• [DATA PROVIDED]

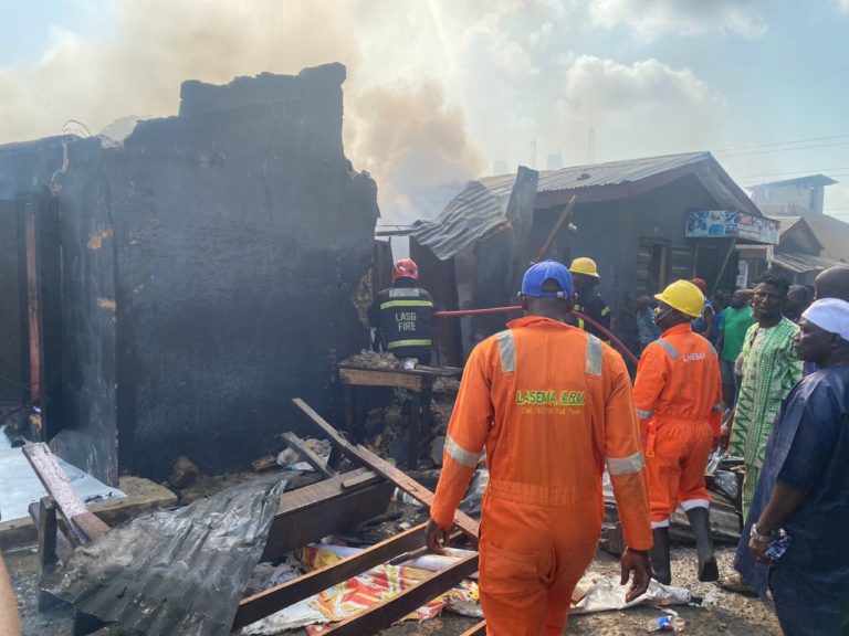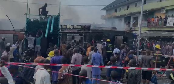 A massive fire tore through Alayabiagba Market at Boundary, Ajegunle, Lagos, destroying at least 11 shops and causing losses valued at millions of naira.
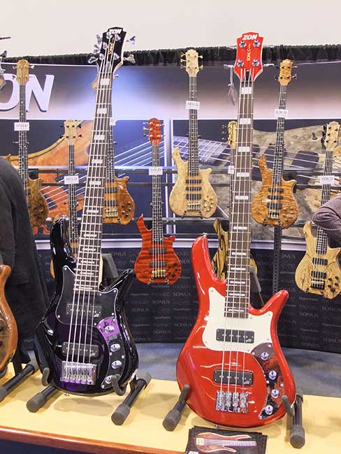 Die Sonus Classic-Bässe von Zon konnte man in Los Angeles zum ersten Mal in Augenschein nehmen. Die Bässe werden aus einem Ahorn-Korpus gebaut und zumeist deckend lackiert, wie man an diesem hübschen Pärchen erkennen kann. Auch hier kommen Aguilar-Parts zum Einsatz. Vor allem die Block-Inlays haben uns sehr gut gefallen.
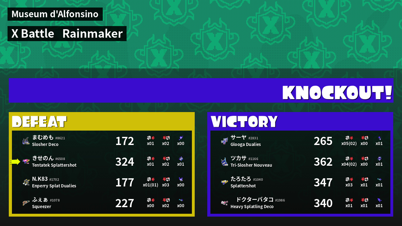 | Medals | #1 Overall Splatter #1 Score Booster Record-Score Setter | ||
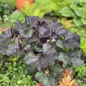 私の銅葉コレクションの一つ、リグラリア“ブリットマリークロフォード” 妙にヨーロッパの貴族っぽいお名前だけど、要するに銅葉のツワブキだっ! いい仕事してます。 陽当たりのいい所では葉っぱがとても黒くなるのですが、水切れしやすい😓 そこで日影にお引っ越しして3年目。水切れはしなくなったものの、色が今一つ…今年は緑味が強いなぁ😥 どこが一番いいのかなぁ。
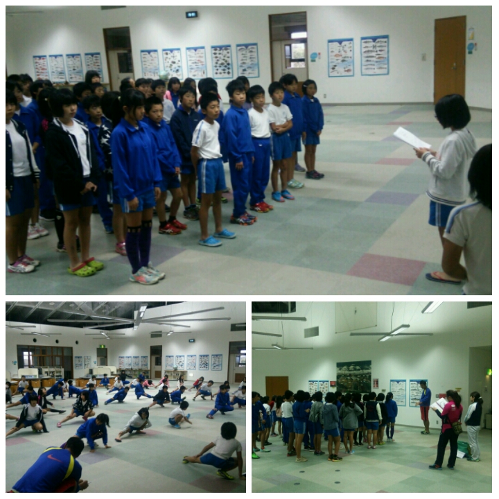 オープンスペースで、朝のつどいです。☺ さて、夕べはちゃんと眠れたのでしょうか? 何だか、眠そうな顔の人もいます。😪 体操をして、体も頭も目覚めさせましょう。💪
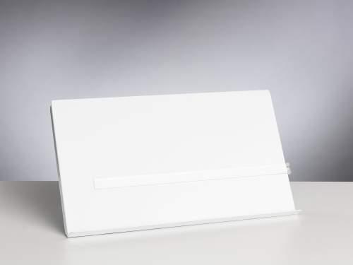 Extra bred koncepthållare som klarar A3-format. Vitlackerad. Steglöst vinklingsbar. Med transparentmagnetlinjal. Mått platta: B-422, D-247 mm.
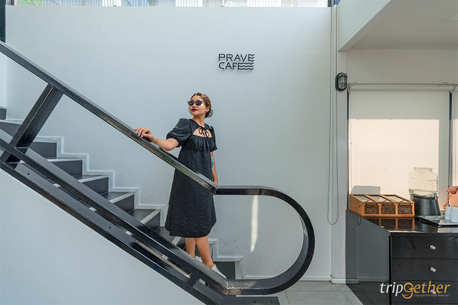 Prave Cafe คาเฟ่ศรีราชา วิวทะเล บรรยากาศสุดชิลล์ มีทั้งโซน Indoor ในห้องแอร์ และโซน Outdoor ให้รับลมทะเลแบบชิลล์ๆ ร้านตั้งอยู่ตรงข้ามโรงพยาบาลสมิติเวชศรีราชา ตกแต่งในสไตล์มินิมอลเท่ๆ เน้นโทนขาว ดำ เทา เป็นหลัก มีมุมถ่ายรูปเยอะมาก สายถ่ายรูปต้องกดเลิฟ เมนูแนะนำคือ Espresso Matcha, Rose Cheese, Drip Coffee ที่มีเมล็ดกาแฟให้เลือกถึง 30 ชนิด และขนมเบเกอรี่อบสดใหม่อย่าง Blue Prave Cake เค้กสีฟ้ามีครีมชีสนุ่มละมุนลิ้น ใครมองหาคาเฟ่ศรีราชาเท่ๆ ติดทะเลต้องแวะ!
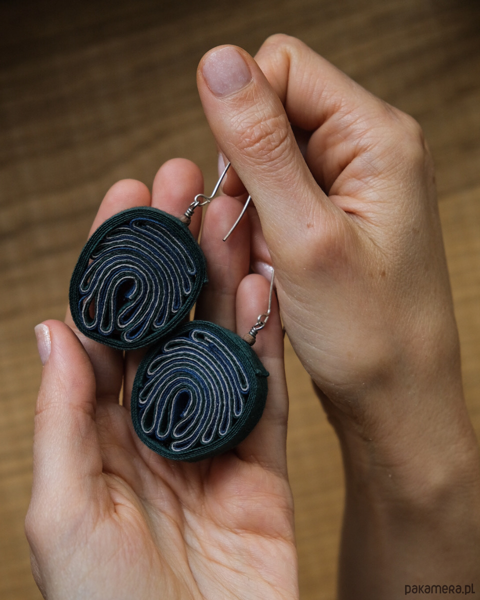 Lekkie, pracochłonne kolczyki w stylu etno, wykonane z bawełnianych taśm w kolorach granatowym, ciemnozielonym, beżowym. Dwustronne. Zachowują formę, pięknie wyglądają na uchu.
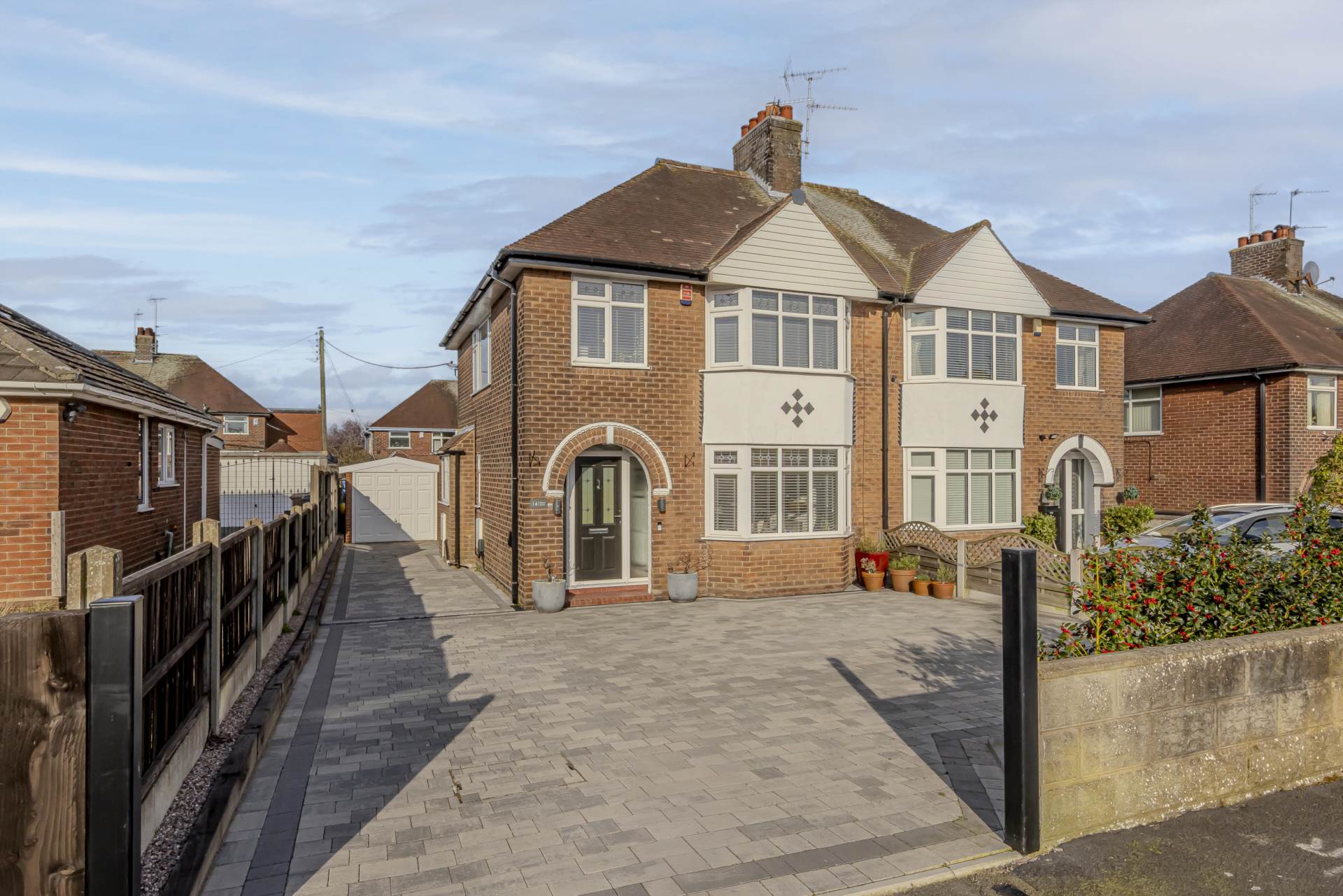 Upon arrival, you are greeted by a block-paved driveway providing ample off-road parking, complete with electric car charger point a thoughtful addition for the eco-conscious homeowner. Adjacent to the driveway is a single garage, offering secure storage or potential for conversion, subject to planning permission.
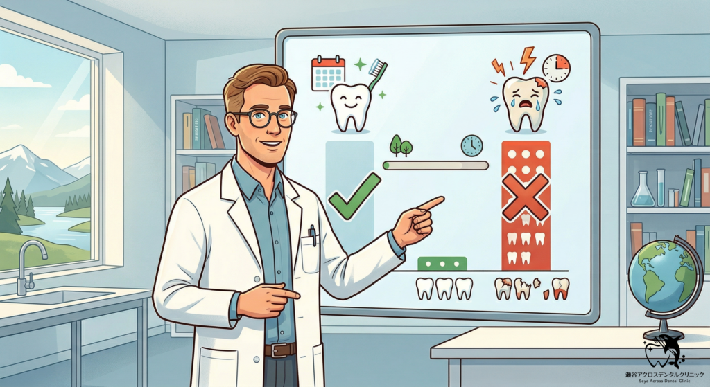 このデータは、日々のセルフケアに加えて、歯科医院での定期的なプロフェッショナルケアがいかに「ご自身の歯を一生残す」ために重要であるかを明確に示しています。
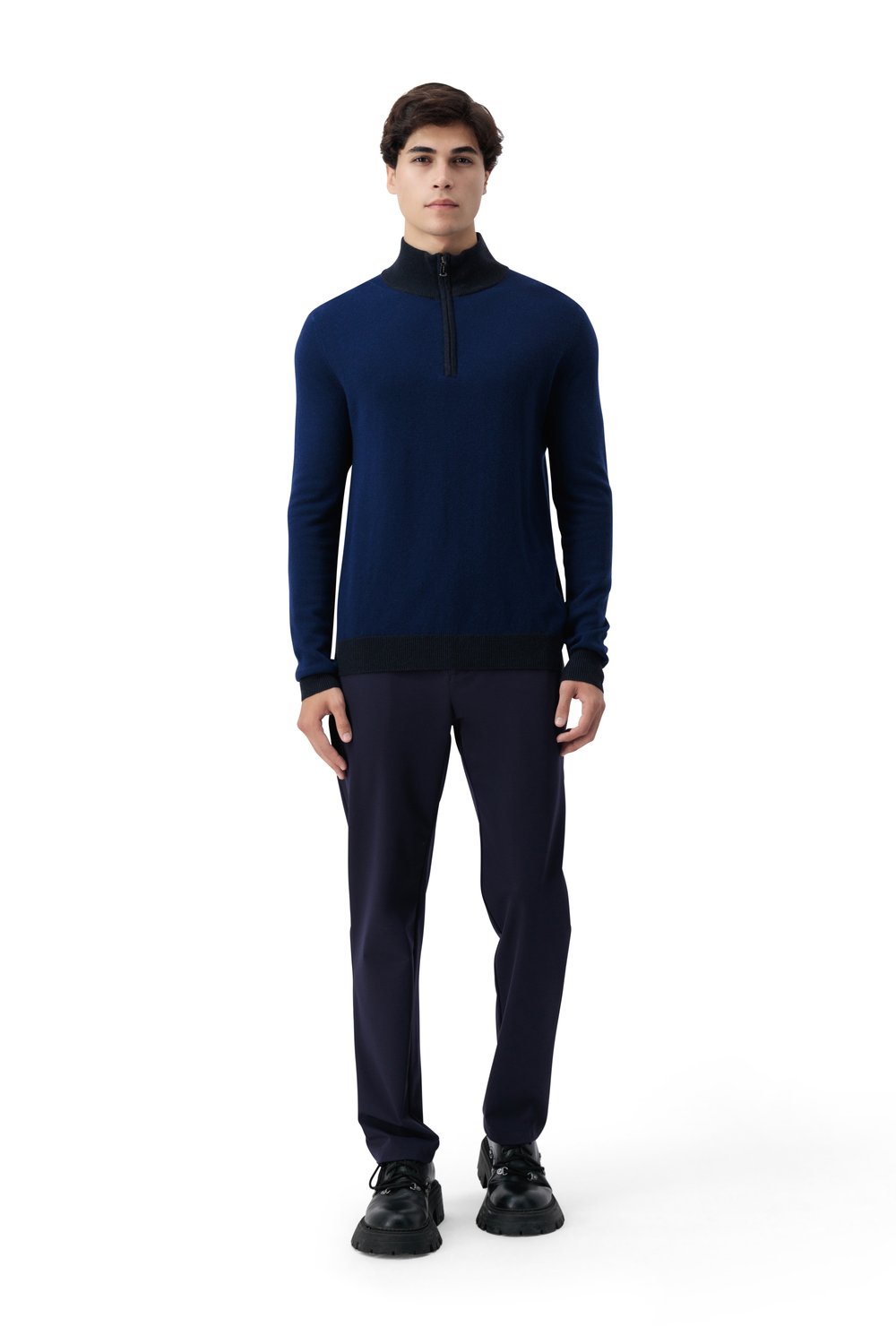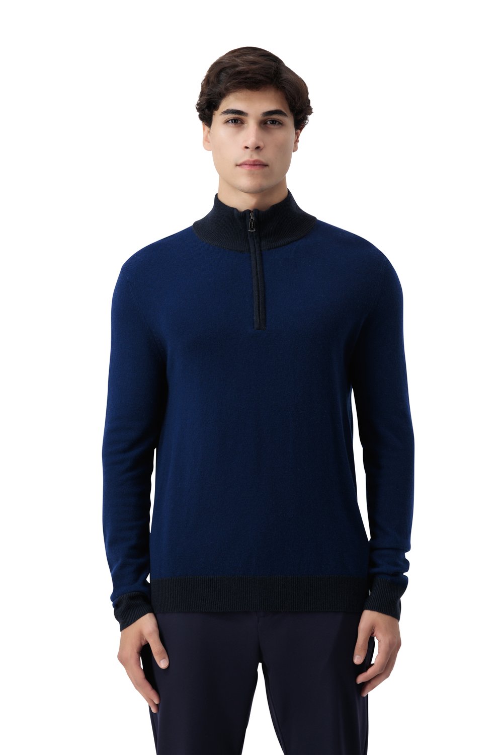 بلوفر صوف ميرينو بنص سحاب - كحلي
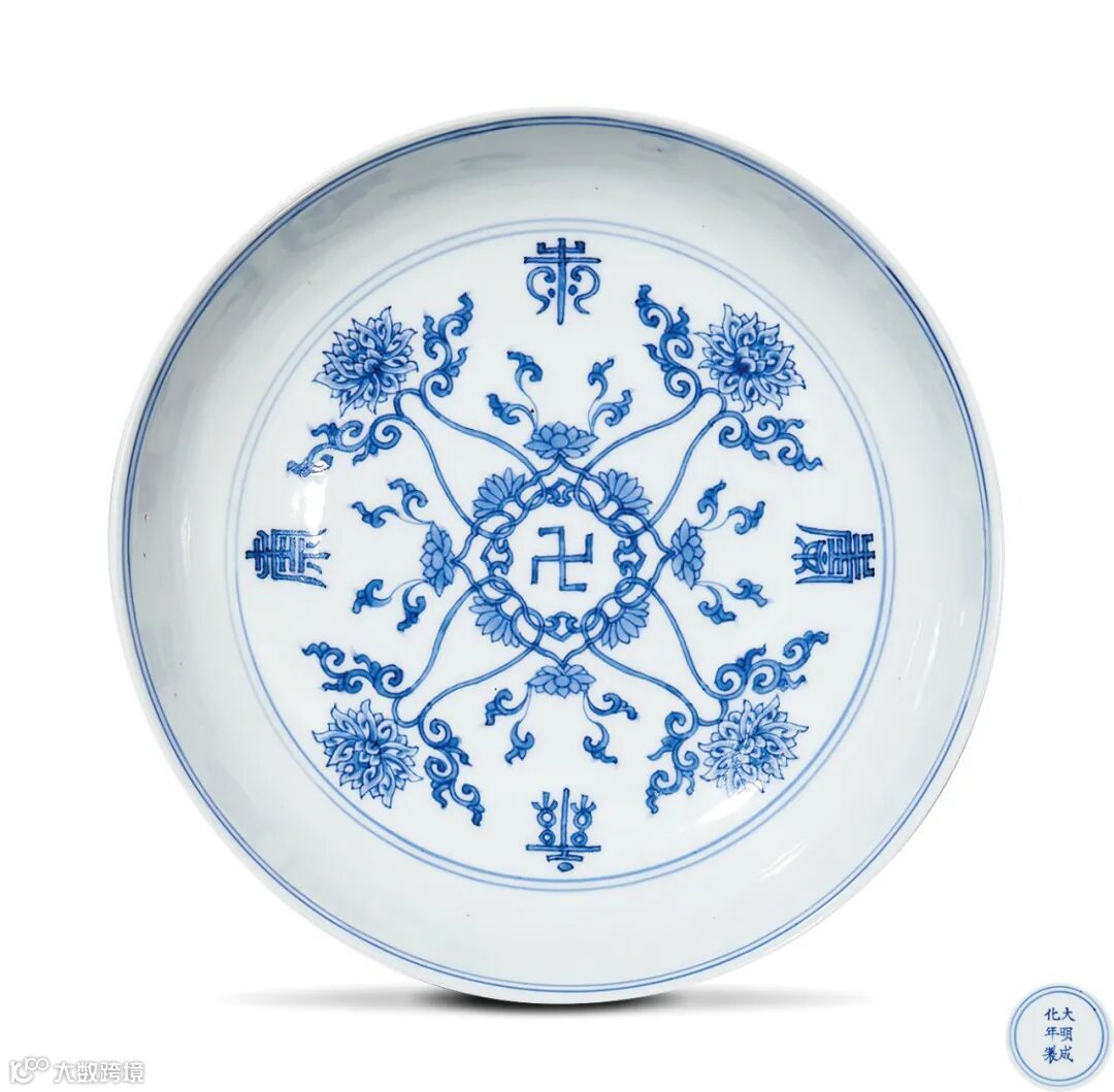 LOT160 清雍正 青花十字宝杵万寿纹盘
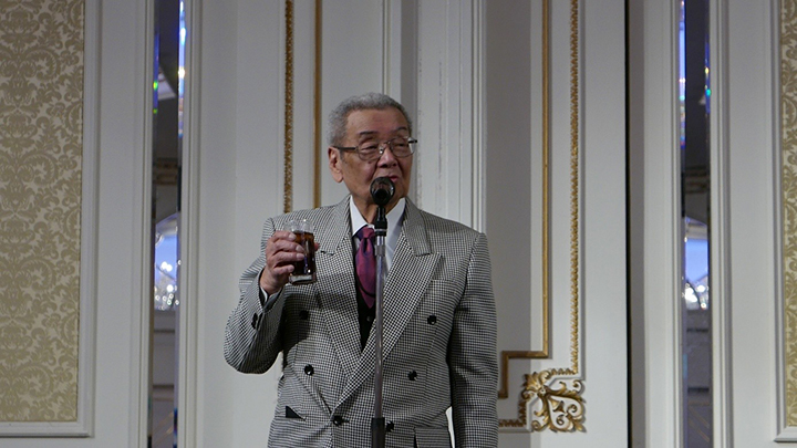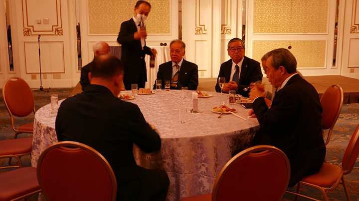 忘年会は石堂範士八段に乾杯のご発声をいただき、ビュッフェスタイルの料理とお酒に話の花が咲き、カラオケなどで和気あいあいとしたなか、清田範士八段にご挨拶をいただきお開きになりました。
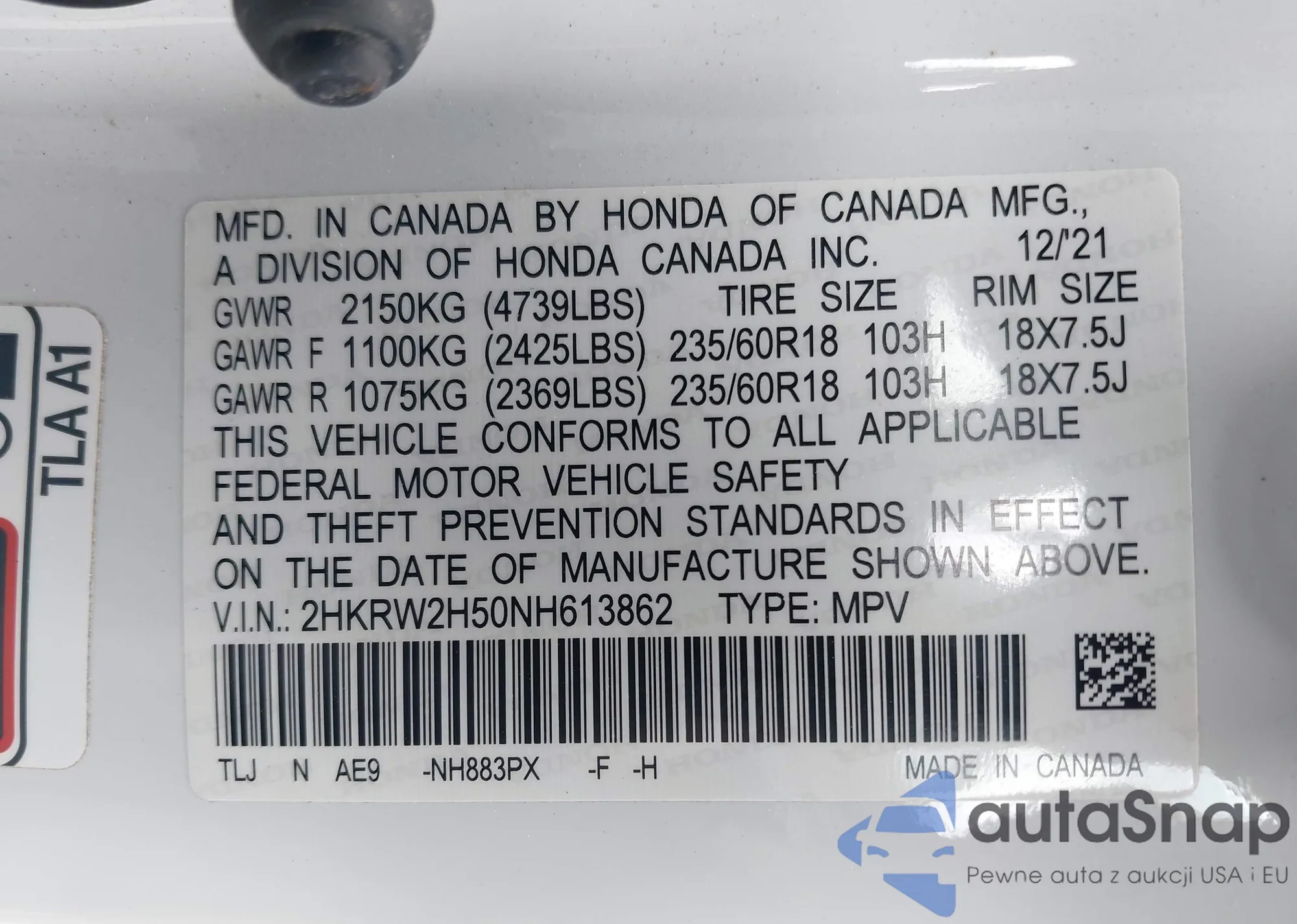 • VIN: 2HKRW2H50NH613862

• [PROBLEM TO WORK ON] Copy only what lies between the line with "Extra bred koncepthållare" and the line with "Lekkie, pracochłonne kolczyki", those two lines included, exactly as given above; pictures stay out.

• [ANSWER SECTION]
 Extra bred koncepthållare som klarar A3-format. Vitlackerad. Steglöst vinklingsbar. Med transparentmagnetlinjal. Mått platta: B-422, D-247 mm.
 Prave Cafe คาเฟ่ศรีราชา วิวทะเล บรรยากาศสุดชิลล์ มีทั้งโซน Indoor ในห้องแอร์ และโซน Outdoor ให้รับลมทะเลแบบชิลล์ๆ ร้านตั้งอยู่ตรงข้ามโรงพยาบาลสมิติเวชศรีราชา ตกแต่งในสไตล์มินิมอลเท่ๆ เน้นโทนขาว ดำ เทา เป็นหลัก มีมุมถ่ายรูปเยอะมาก สายถ่ายรูปต้องกดเลิฟ เมนูแนะนำคือ Espresso Matcha, Rose Cheese, Drip Coffee ที่มีเมล็ดกาแฟให้เลือกถึง 30 ชนิด และขนมเบเกอรี่อบสดใหม่อย่าง Blue Prave Cake เค้กสีฟ้ามีครีมชีสนุ่มละมุนลิ้น ใครมองหาคาเฟ่ศรีราชาเท่ๆ ติดทะเลต้องแวะ!
 Lekkie, pracochłonne kolczyki w stylu etno, wykonane z bawełnianych taśm w kolorach granatowym, ciemnozielonym, beżowym. Dwustronne. Zachowują formę, pięknie wyglądają na uchu.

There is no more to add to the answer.